Fernanda M. Pereira scite author profile

Cysteine peptidases of protozoa have been implicated in a variety of biological events, and the expression of these enzymes is modulated in response to distinct stimuli, including environmental changes and differentiation. In the present work, we have examined the expression of cysteine peptidases from Herpetomonas samuelpessoai grown at distinct temperatures and during dimethylsulfoxide (DMSO)-elicited differentiation.
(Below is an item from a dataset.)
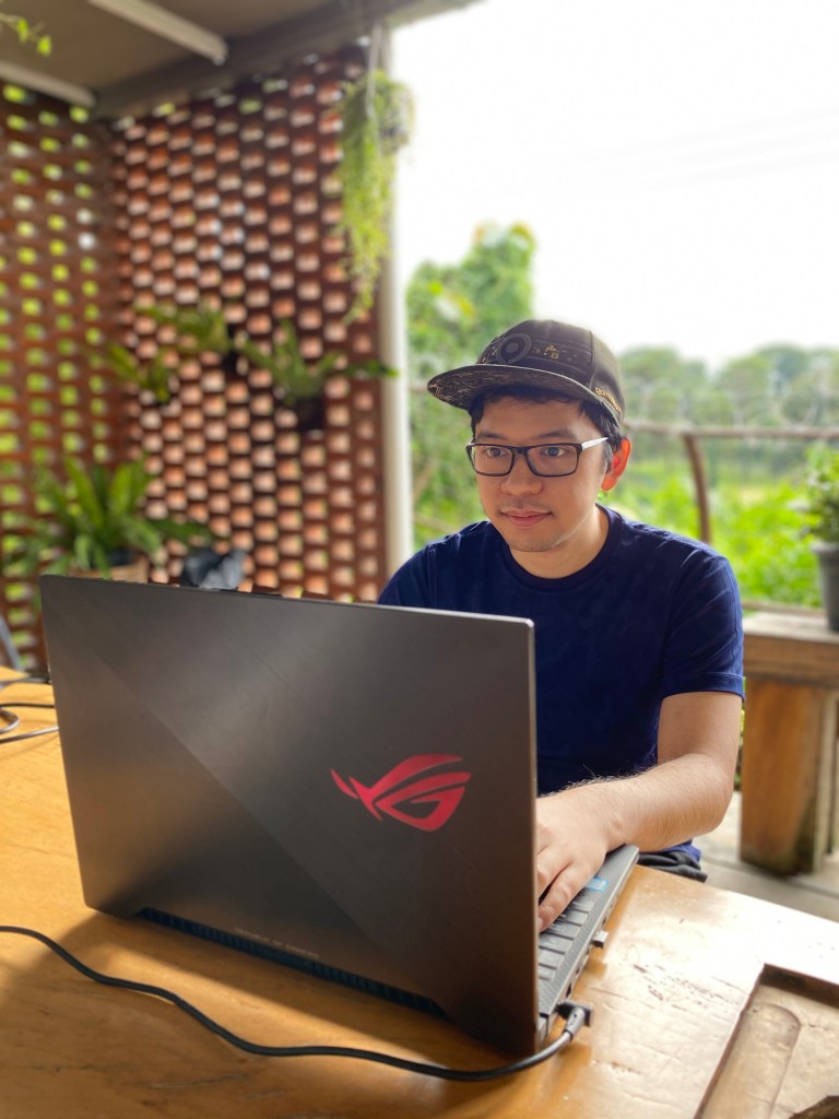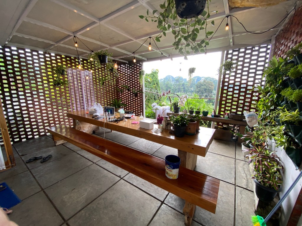 Terus yang berkesan lagi adalah desainnya yang unik. Namanya Rumah Teras Bata, jadi keliatan unsur batanya dominan banget. Dan paling pewe adalah area makannya yang berada di teras luar yang menghadap ke lembah. Jadi kalau lagi makan, nuansanya semi outdoor gitu. Dan karena hari kamis-jumat itu masih sambil pada kerja remote, jadi area dining ini berubah jadi area kerja. Dan visionernya, pemilik villa nya udah naro colokan listrik di area meja. Jadi kerja sambil menikmati pemandangan itu sangat-sangat seru.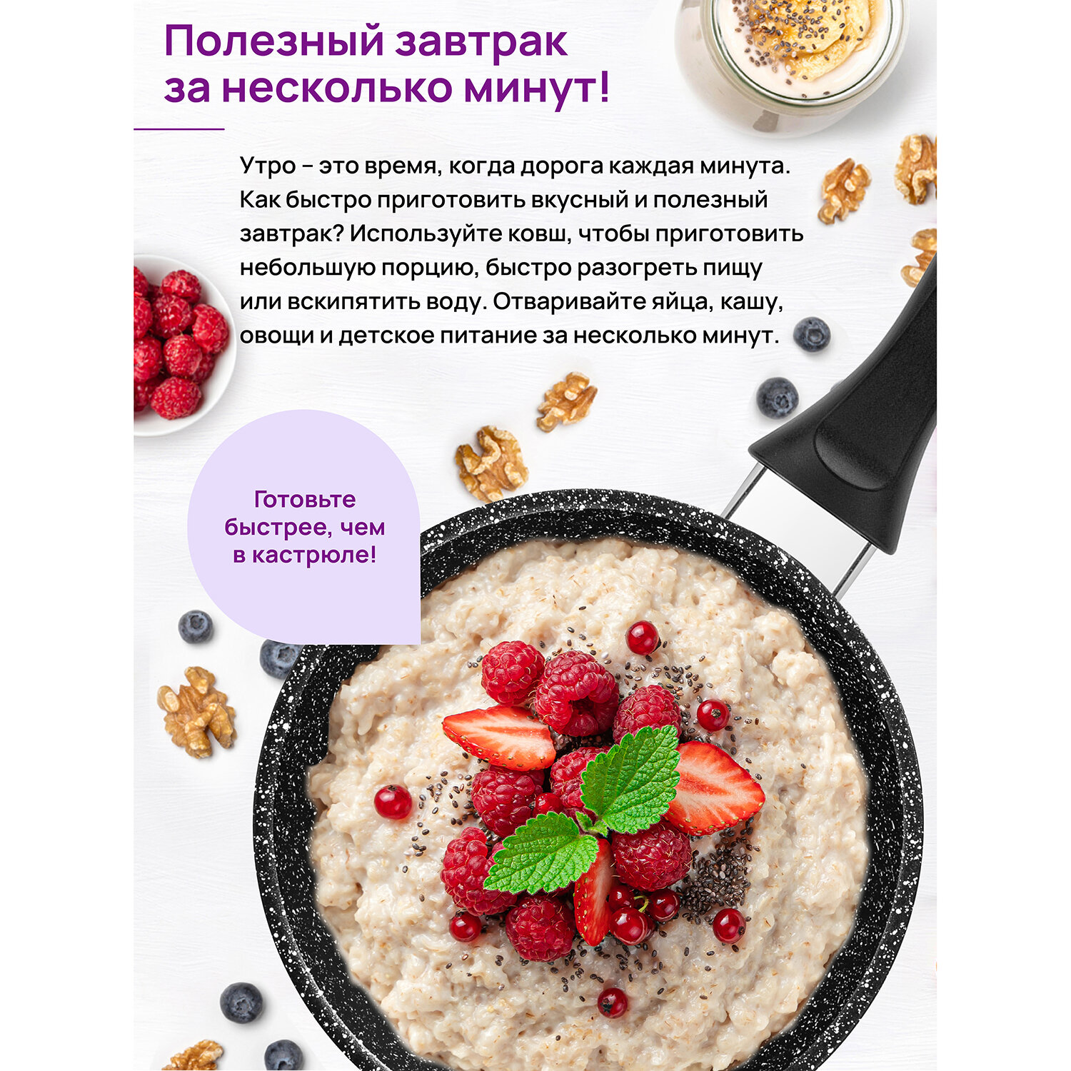 Ковш 1,5 л Elan Gallery гармония вкуса Рубиновый дуэт с крышкой D18, толстостенный из литого алюминия с двухслойным антипригарным покрытием с несъемной ручкой Идеальный подарок на Новый год Рождество День Рождения и 8 марта

We demonstrated that a 45 kDa cysteine peptidase had its activity reduced during the parasite growth at 37 degrees C in comparison to 26 degrees C, and when cultured up to 72 h in the presence of DMSO. The modulation in the 45 kDa cysteine peptidase expression is connected to the differentiation process, since both temperature and DMSO are able to trigger the promastigote to paramastigote transformation in H. samuelpessoai. The possible immunological similarity of H. samuelpessoai proteins with well-known cysteine peptidases produced by trypanosomatid pathogens, including cruzipain (Trypanosoma cruzi) and cysteine peptidase b (cpb) from Leishmania mexicana, was also investigated, as well as with calpain molecules. The protein cellular lysate of H. samuelpessoai reacted with antibodies raised against cpb of L. mexicana and calpain of Drosophila melanogaster; however, no reaction was observed against cruzipain. The 35 kDa cpb-like protein had its expression diminished in DMSO-treated parasites, while the 80 kDa calpain-like molecule was enhanced and an additional 30 kDa calpain-related polypeptide was exclusively observed in these cells. Fluorescence microscopy and flow cytometry analyses corroborated these data. The results described above add H. samuelpessoai to the list of parasites whose differentiation seems to be correlated with cysteine peptidase expression.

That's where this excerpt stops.